Jan Arendtsz is the Founder and CEO of Celigo and a veteran of the software industry with more than 25 years of experience in product development, business development, sales, customer success, and marketing. He founded Celigo with the goal of simplifying how companies integrate, automate, and optimize business processes across the enterprise. He is responsible for overseeing all company operations.
Prior to Celigo, Jan was a Director at NetSuite, the leading cloud-based ERP platform, where he launched their integration platform. Prior to that, Jan worked for Cambridge Technology Partners, where he implemented complex business solutions for customers ranging from internet startups to Fortune 500 companies.
Celigo is a cloud-based intelligent automation and integration platform (iPaaS) designed to help organizations connect applications, automate business processes, and keep data synchronized across their technology stack without heavy custom development. Its platform combines prebuilt connectors, reusable integration templates, and AI-assisted tools so both technical and non-technical teams can design, deploy, and manage integrations at scale. Celigo is commonly used to streamline workflows across areas like ecommerce, finance, operations, and IT, reducing manual work, improving data accuracy, and enabling faster, more resilient business processes.
What originally motivated you to found Celigo, and how did your experience leading integration services and product initiatives at software companies like NetSuite shape the gap you saw in enterprise integration at the time?
That early SaaS experience showed me that while the cloud solved a software delivery problem, it also created a massive data connectivity problem. We were selling the vision of a unified business, but the reality was fragmented data silos. I started Celigo to fix those challenges.

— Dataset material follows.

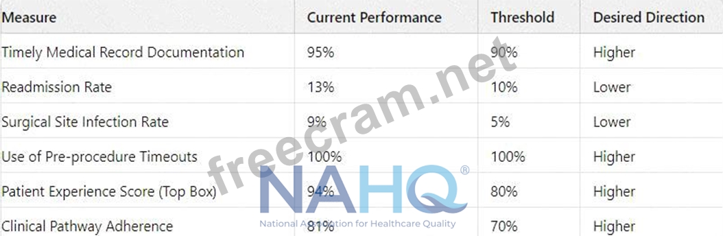 The provider's Ongoing Professional Practice Evaluation (OPPE) profile suggests that the provider partially meets expectations, meaning 40% to 64% of measures are at the threshold. According to the organization's criteria, this level of performance warrants retaining privileges but likely with closer monitoring or additional support. * Partial Meeting of Expectations: When a provider partially meets expectations, it indicates that there are areas of performance that need improvement, but the provider is still performing sufficiently in enough areas to retain privileges. * Next Steps: The provider should likely undergo further evaluation or targeted support to address the areas where performance is lacking. This might involve additional training, mentoring, or a Focused Professional Practice Evaluation (FPPE) if specific concerns are identified. * Comparison to Other Options: * A. The provider fully meets expectations; do nothing is not applicable since the provider does not fully meet the performance criteria. * B. The provider does not meet expectations; refer to peer review would be appropriate if the provider's performance was below 40%, but that is not the case here. * D. The provider meets expectations; retain privileges would be correct if the provider was in the 65% to 80% range, which is not the situation here. References: NAHQ guidelines on OPPE and FPPE processes emphasize the importance of distinguishing between different levels of performance and applying the appropriate actions based on the specific thresholds met by the provider. =========

Today, I see history repeating itself with AI. We are shifting from a “connectivity gap” to an “operational gap.” Just as companies struggled to operationalize SaaS twenty years ago, they are now struggling to operationalize AI. Companies are struggling with moving AI from experiments to reliable business outcomes. This creates the next wave of challenges that Celigo is uniquely positioned to help IT leaders address: how to provide a platform that doesn’t just connect systems but enables the use of AI across their enterprises at scale.
Celigo has evolved from traditional integration toward AI-driven workflows. What signals told you the platform needed to move in that direction?
The biggest signal was the shifting bottleneck. Ten years ago, the bottleneck was connectivity: just getting System A to talk to System B. We solved that with iPaaS. But as we democratized integration and empowered business users to build their own workflows, the new bottleneck became management, governance, and exception handling.
We looked at our data and saw that while building automation workflows had become easier, maintaining them at scale was still human-intensive. Users were spending hours troubleshooting data errors or updating mappings.
We responded by embedding AI into the core of our platform, automating error classification and remediation to remove the operational burden of maintaining integrations at scale. That platform intelligence now sets the stage for customer-facing AI-powered workflows that can operate with greater autonomy and context.
Many organizations are investing heavily in AI but seeing limited results. Why do so many initiatives stall at the data and integration layer?
We’ve all seen the surveys showing that while most companies are experimenting with AI, few are realizing measurable ROI. The reason isn’t the technology. It’s the approach. Too often, organizations treat AI adoption as the objective rather than starting with the business processes that run the enterprise.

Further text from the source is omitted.